§ WORK INSTRUCTION
What follows is a listing; repeat exactly, and only, its lines from the one holding "Figure 14, Figure" through the last, leaving any pictures out.

§ DATA
● ● ● ● ●

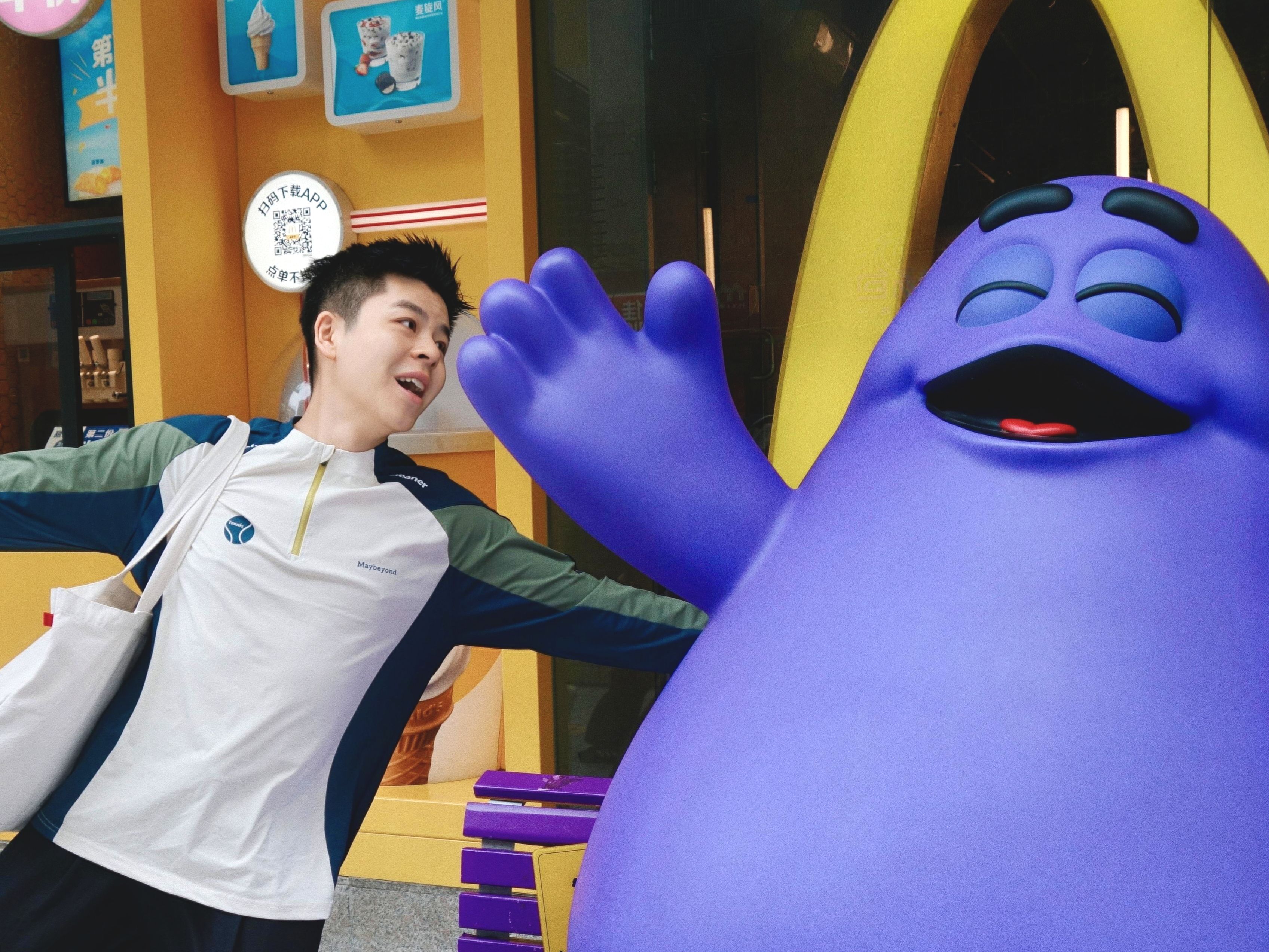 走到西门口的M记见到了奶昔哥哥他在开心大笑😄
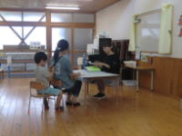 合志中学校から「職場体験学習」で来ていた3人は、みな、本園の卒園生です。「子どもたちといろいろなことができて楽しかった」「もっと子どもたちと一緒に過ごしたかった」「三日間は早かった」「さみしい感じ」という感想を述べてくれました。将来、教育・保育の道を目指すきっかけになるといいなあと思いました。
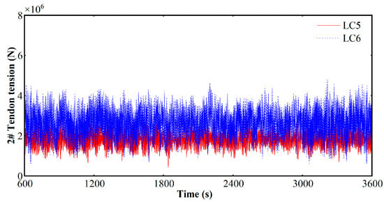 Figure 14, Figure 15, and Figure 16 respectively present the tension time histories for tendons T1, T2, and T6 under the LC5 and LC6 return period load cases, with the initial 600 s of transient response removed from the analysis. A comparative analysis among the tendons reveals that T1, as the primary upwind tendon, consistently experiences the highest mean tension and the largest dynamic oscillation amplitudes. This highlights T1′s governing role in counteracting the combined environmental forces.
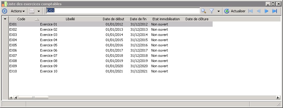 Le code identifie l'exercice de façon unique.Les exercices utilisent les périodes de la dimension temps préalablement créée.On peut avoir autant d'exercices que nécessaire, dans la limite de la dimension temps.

● ● ● ● ●

§ EXERCISE ANSWER
 Figure 14, Figure 15, and Figure 16 respectively present the tension time histories for tendons T1, T2, and T6 under the LC5 and LC6 return period load cases, with the initial 600 s of transient response removed from the analysis. A comparative analysis among the tendons reveals that T1, as the primary upwind tendon, consistently experiences the highest mean tension and the largest dynamic oscillation amplitudes. This highlights T1′s governing role in counteracting the combined environmental forces.
 Le code identifie l'exercice de façon unique.Les exercices utilisent les périodes de la dimension temps préalablement créée.On peut avoir autant d'exercices que nécessaire, dans la limite de la dimension temps.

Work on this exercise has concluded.